Nella città canadese di Hastings Park, con decreto del 24 febbraio 1942, fu creato un centro di detenzione temporanea, essenzialmente lo stesso campo di concentramento in cui furono sfollate con la forza 12mila persone di origine giapponese nel novembre 1942. Sono stati assegnati 20 centesimi al giorno per il cibo (2-2,5 volte in meno rispetto ai campeggiatori giapponesi negli Stati Uniti).
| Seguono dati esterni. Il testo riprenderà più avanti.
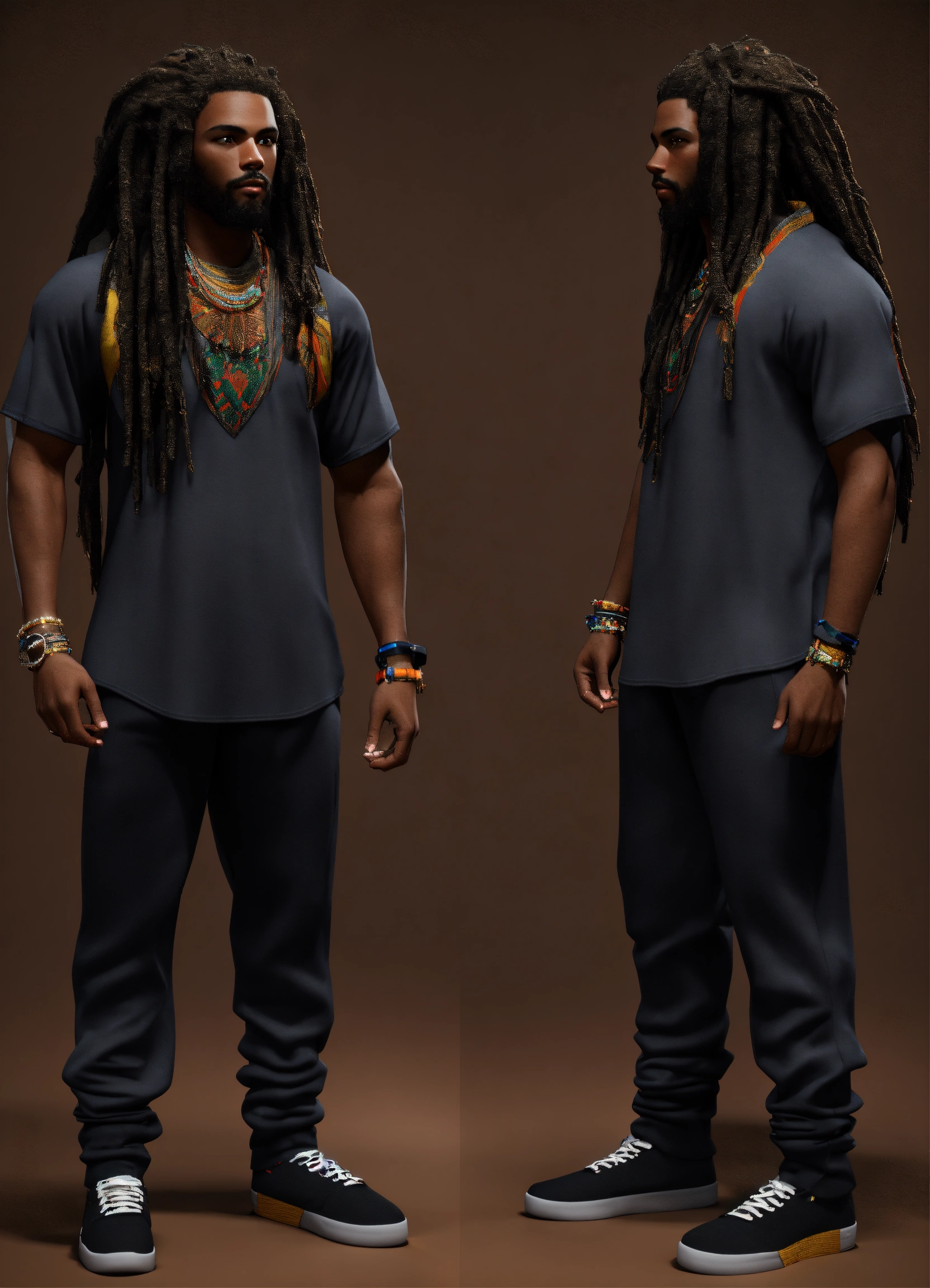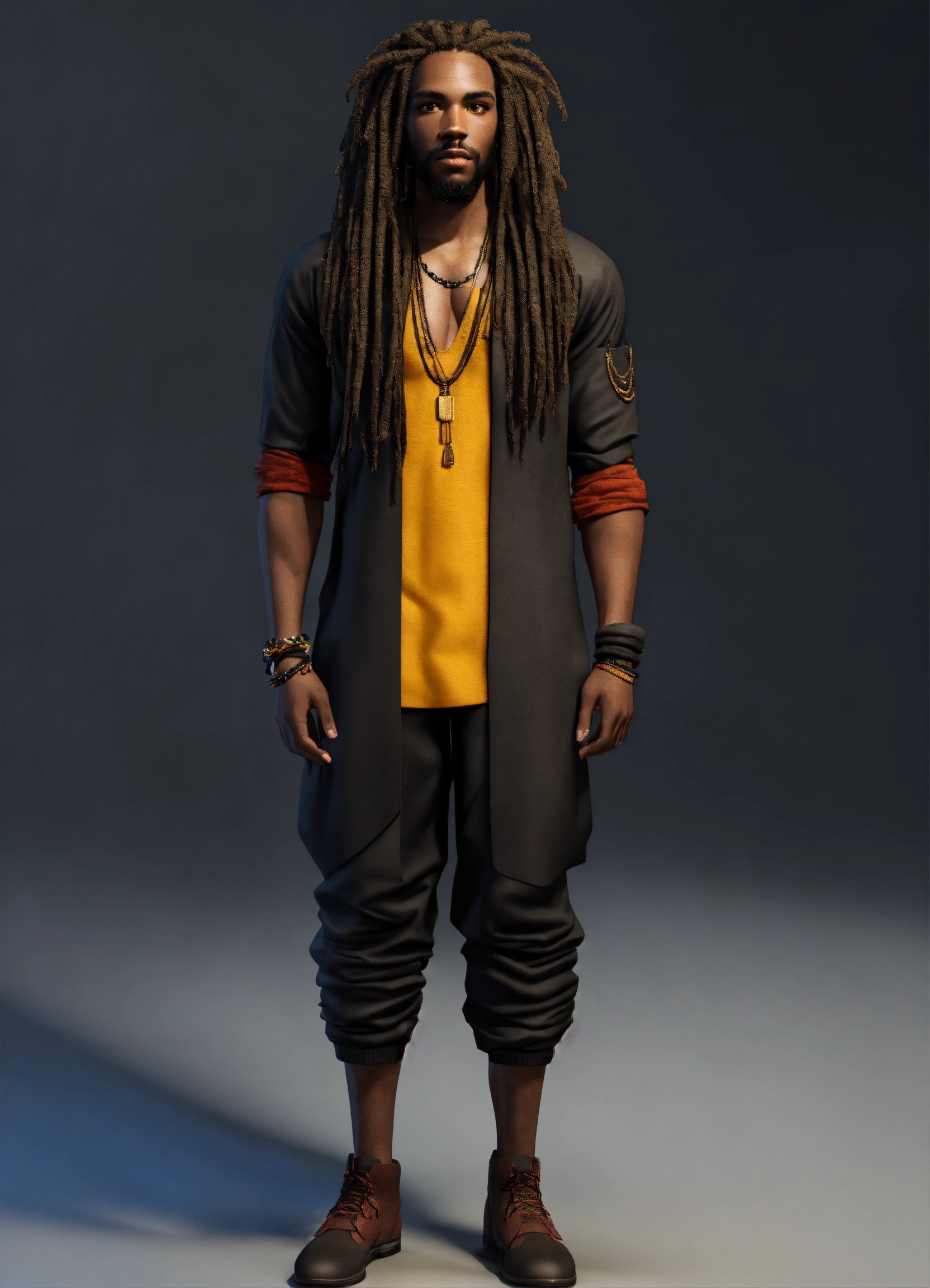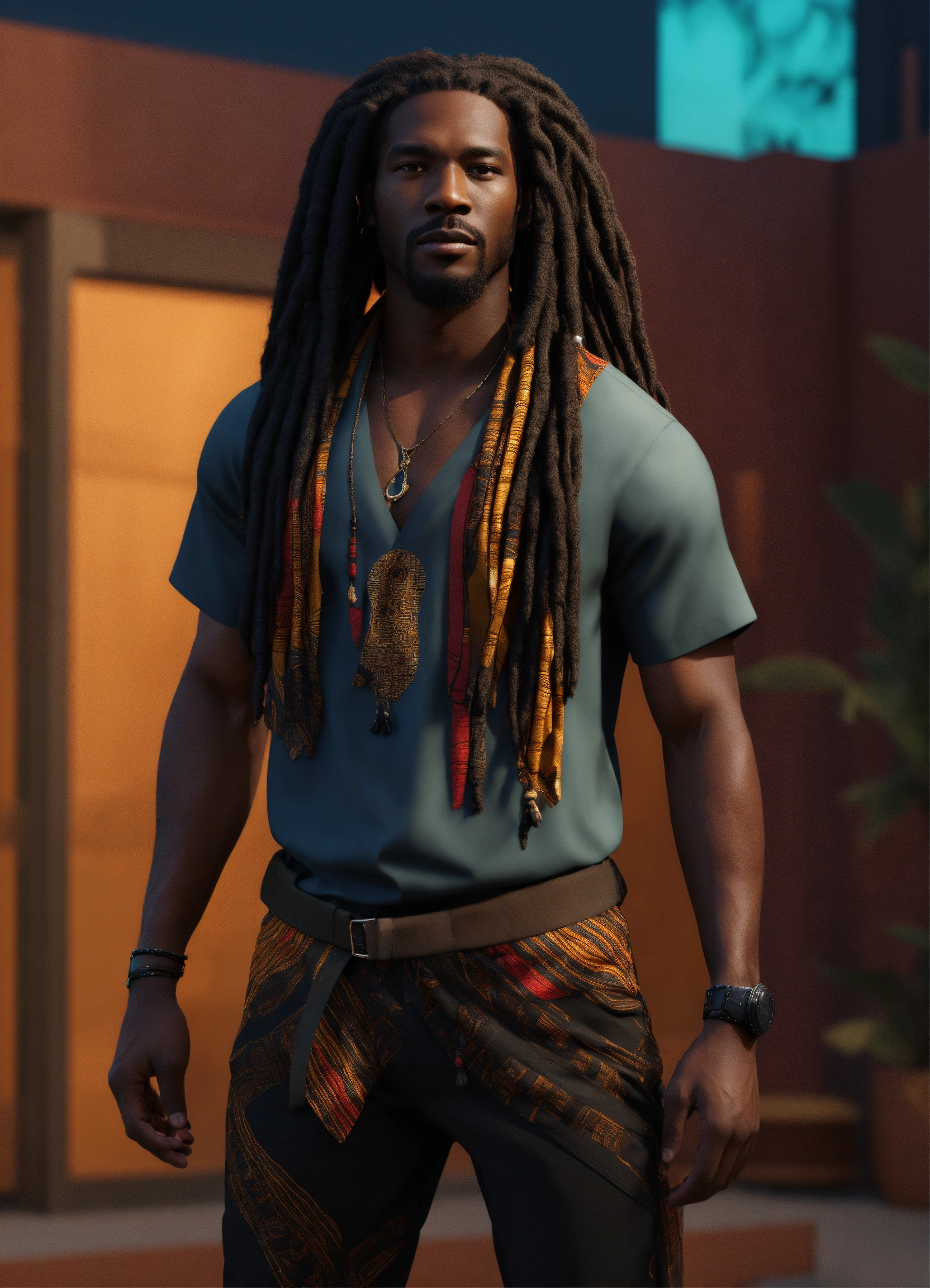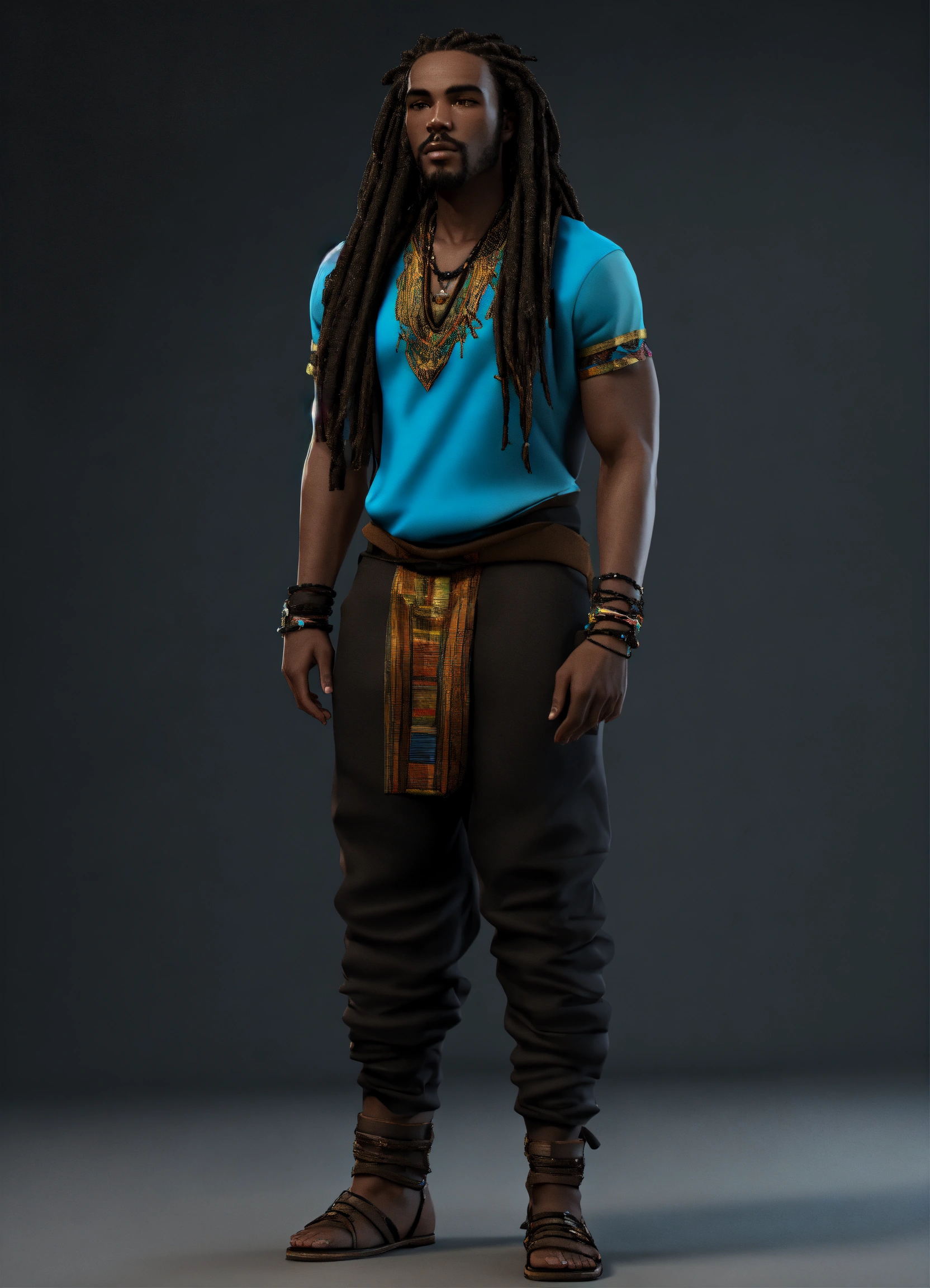 3d render of a black man with long flowing dreadlocks, 6'5" tall, well-built, full body shot, his skin color is jet black, the black of pure onyx, midnight black, the blackest black on the color spectrum, wearing african style shirt and pants

Altri 945 giapponesi furono mandati nei campi di lavoro forzato, 3991 persone furono mandate nelle piantagioni di barbabietola da zucchero, 1661 giapponesi furono mandati in una colonia-insediamento (principalmente nella taiga, dove erano impegnati nel disboscamento), 699 persone furono internate nei campi di prigionia in Ontario, 42 persone - rimpatriate in Giappone, 111 - imprigionate in una prigione a Vancouver. In totale, circa 350 giapponesi sono morti mentre cercavano di fuggire, da malattie e maltrattamenti (2,5% del numero totale di giapponesi sconfitti nei loro diritti - il tasso di mortalità era simile agli stessi indicatori nei campi stalinisti in tempi di non guerra).

Il primo ministro Brian Mulroney si è anche scusato con i giapponesi, i tedeschi e altri espulsi durante la guerra il 22 settembre 1988. Tutti avevano diritto a un risarcimento per le sofferenze di 21mila dollari canadesi a persona.